Type of repair: epineural versus fascicular

Any repair that withstands gentle range of motion is considered a “tension-free” repair. Giddins et al.¹⁴ showed in a cadaveric study comparing suture size to the strength of an acute repair of the median nerve that 9–0 nylon withstood the greatest distractive forces. At a lower tension 10–0 snapped, and 8–0 sutures pulled out of the nerve tissue. However, in clinical practice, 10–0 and 8–0 sutures are often used based on the size of the nerve, the thickness of the epineurium, and the amount of inflammation.
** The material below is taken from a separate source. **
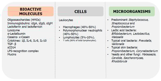 Leukocytes. Activated live leukocytes are present in BM, including macrophages (40–50% of total leukocytes), polymorphonuclear neutrophils (40–50% of total leukocytes), and lymphocytes (5–10% of total leukocytes) [187]. Leukocytes concentrations are the highest in colostrum and decrease gradually. If the mother or infant suffers an infection, leukocytes levels can increase to 97% of the total cells in BM [188]. The lymphocytes population consists mainly of T cells (approximately 80%), where most of them are activated, motile, and interactive, thus suggesting that they confer active immunity to the infant. In addition, leukocytes, particularly polymorphonuclear, offer protection to the mammary gland under mastitis infections [189].
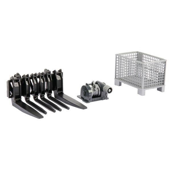 A homlokrakodó tartozékai egy adapterből, egy gitterboxból, egy kötélcsörlőből, valamint négy bála- és két raklapvillából állnak. A szórakozás fokozása érdekében a Profi széria összes traktorja és a Manitou teleszkópos rakodó is felszerelhető homlokrakodó tartozékokkal (nem a csomag része).

Alternatively some surgeons use fibrin glue, especially when there is no tension in the repair. Laser energy for epineurial coaptation has been investigated experimentally; however it produces heat that damages nerve tissue and results in unacceptably decreased tensile strength at the repair site. The gold standard remains microsuture applied under microscope control.

Epineural repair is the preferred method of repair once the severed ends are freshened surgically. External markers such as a vessel on the surface and matching the fascicular patterns are used to align the fascicles without overlapping (Fig. 22.3). For major peripheral nerves, an argument for perineural repair can be made to improve alignment of the larger fascicular groups individually; however, clinical studies support both techniques as equally effective as long as the fascicles were not overlapped (Fig. 22.4).¹⁵ The disadvantage of a perineural repair is that the extensive dissection and the permanent intraneural stitches can lead to increase fibrosis.¹⁶ In practice, it is often difficult to align the fascicles accurately, as trauma, edema, and scarring can distort the normal topography.